Rosal, we preliminarily
note, does not, as it should not, always
require direct proof of tampering; even
if the protestant has shown compliance with legal requirements for the
preservation of ballots, the burden of evidence that shifts to the prostestee
is not confined to proof of actual
tampering, but extends to its likelihood. This cannot but be a reasonable rule, since ballot
tampering and ballot substitution are not acts done openly and without
precaution for stealth; they are done clandestinely, and to require direct proof
of actual tampering almost amounts to a requirement to do the impossible. Direct proof of actual tampering is therefore
not the only acceptable evidence that negates the reliability of the ballots subjected
to revision; other relevant considerations should be taken into account, most
especially those resulting from the examination of physical evidence. By
adopting the direct proof approach in the present case, the COMELEC did not look at all the relevant considerations in ruling
on the case.
For emphasis and ease of reference,
we summarize COMELEC’s reasons for relying on the results of the revision of ballots:
a. The RTC issued precautionary orders
and allowed the parties, if they so desired, to witness the delivery and
transfer of the custody of the ballots from the Municipal Treasurer’s Office to
the RTC.
b. The ballot boxes were found in no
other place than their designated place of storage.

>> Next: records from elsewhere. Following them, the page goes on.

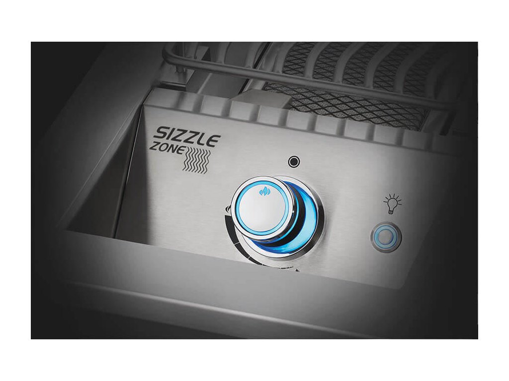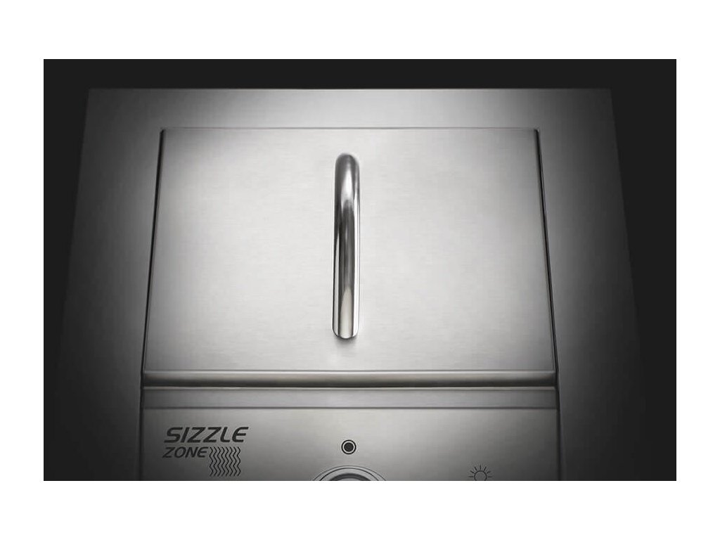 Bočný horák SIZZLE ZONE vyrobený z rovnakého materiálu ako vstavané grily rady 700 vyladia vašu vonkajšiu kuchyňu k dokonalosti. Praktický bez údržbový rošt infračerveného horáka. Horák zapálite jednou rukou pomocou systému okamžitého zapaľovania JETFIRE a ergonomicky ovládané gombíky NIGHTLIGHT sa v prípade zapnutého horáka zafarbí do červena. SIZZLE ZONE je možné pripojiť na propán-butánovú fľašu alebo na prívod zemného plynu.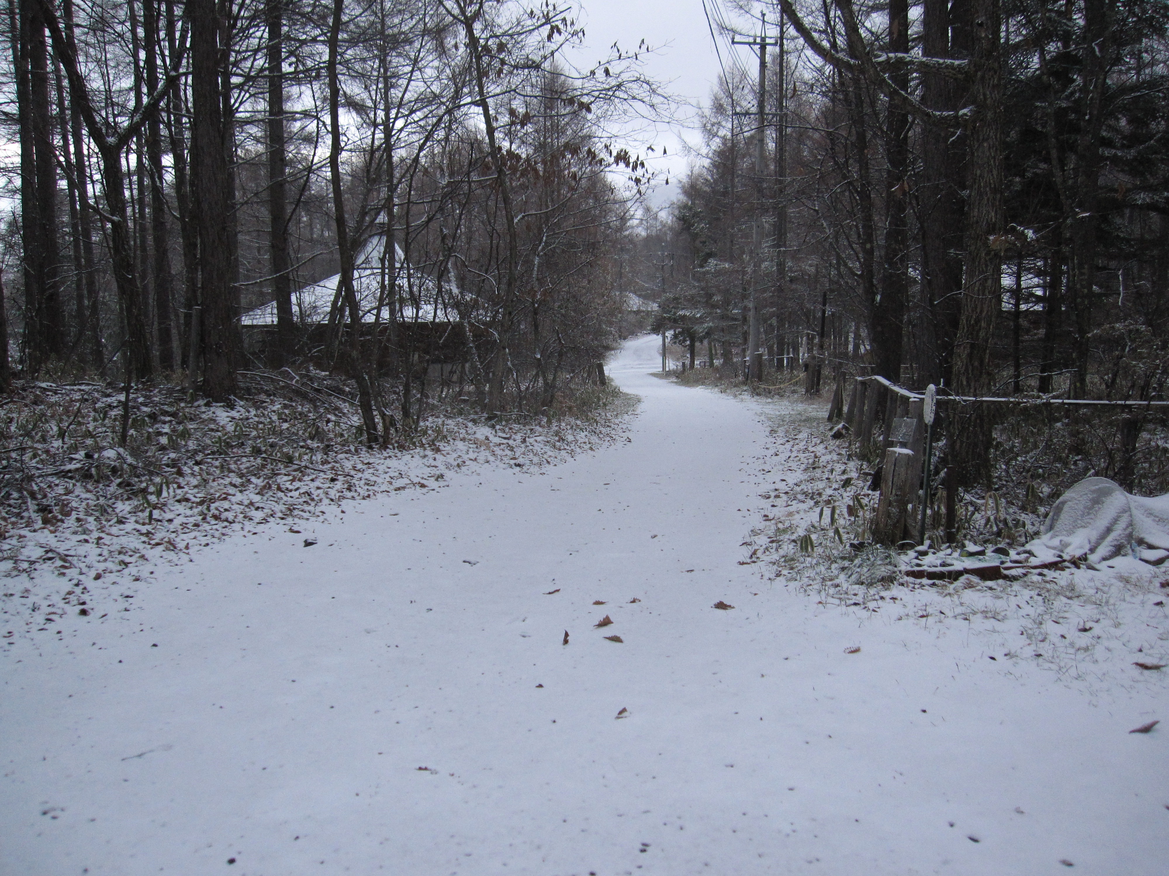 この積雪のままでは車を動かせません。午後も小雪が降り続いていましたが、アプローチの雪掻きをしました。まとまった雪でしたので、人力で一通り雪掻きを終えると、一日の運動量としては十分なエネルギー消費となりました。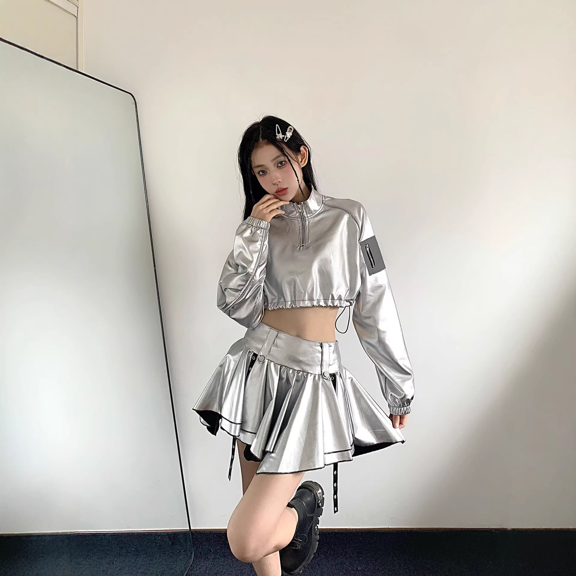 爵士舞女团银色科技感短款长袖卫衣外套高腰百褶半身裙跳舞演出服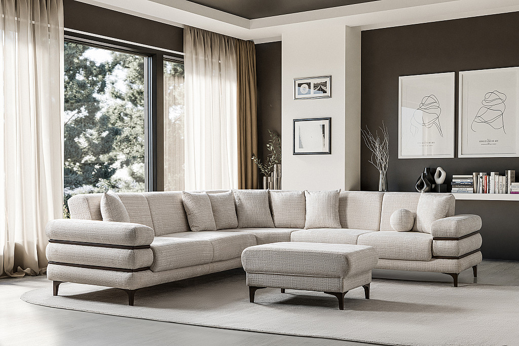 Sedežna garnitura ODESA, bež, oreh / VZMETENO ima vzmeteno sedišče, bonel vzmeti Omogoča sproščujoče sedenje in počitek na udobnem vzmetenem sedešču. Ima dodatno obdelan hrbet. S čudovito oblikovanimi rokonasloni in elegantnimi nogicami, bo v vaš prostor vnesla pridih modernega minimalizma. Sedežna garnitura ima trosed dimenzije širine 211 cm in globine 92 cm in višine 82 cm + dvosed širine 171 cm globine 92 cm in višine 82 cm .in kotni element širine 112 cm , globine 112 cm in 82 cm višine. Sedežna garnitura je sestavljena, potrebno je postavit elemente, rokonaslone ln pritrditi nogice in določit ob montaži smer postavitve. Višina sedišča cca 45 cm, globina cca 62 cm. Teža sedežne garniture je cca 120 kg. Sedežna garnitura je dimenzije: širina 283 cm, globina 323 cm, višina 82 cm. Dekoratvne blazine so vštete v ceno izdelka. Velika izbira barv po naročilu. Možnost naročila LEVE ali DESNE postavitve sedežne garniture. Sedežna garnitura ima pomožno ležišče cca 190x110 cm ter 2 predala za shranjevanje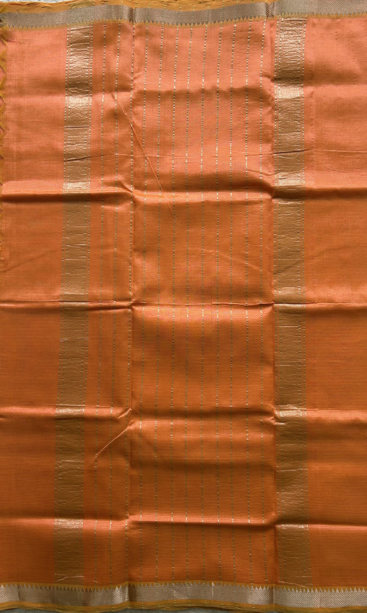 Mangalagiri Plain Pattu Saree Light Orange colored complemented with a Zari Border.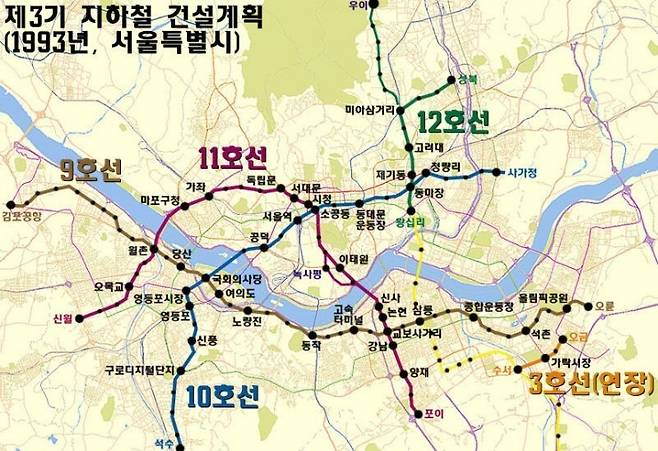 '덕후'라는 용어가 생겨나기도 한참 전, 철도 매니아들의 가장 큰 관심은 서울 3기 지하철 사업이 언제 재개되느냐 하는 것이었습니다. 서울시가 1993년 3기 지하철 건설계획을 발표했지만, 1997년 외환위기가 터지면서 9호선을 제외한 나머지 10, 11, 12호선이 백지화됐기 때문입니다. 10호선부터 재개될 것이다, 노선에도 일부 변경이 있을거다, 철도 매니아들은 저마다의 논리로 서울시 지도에 지하철 노선을 긋고 다른 매니아들을 설득하곤 했습니다.

c. There was substantial compliance with the statutory safety measures to
prevent reasonable opportunity for tampering; this conclusion is based on the
Revision Reports showing the condition of the ballot boxes in the individual
precincts when the ballot boxes were opened for revision.
In comparison, COMELEC rejected Varias’
claimed tampering on the following reasoning:
a. The irregular manner in which the
envelopes containing the ballots were torn suggests that this incident occurred
when the envelopes were inserted in the ballot boxes.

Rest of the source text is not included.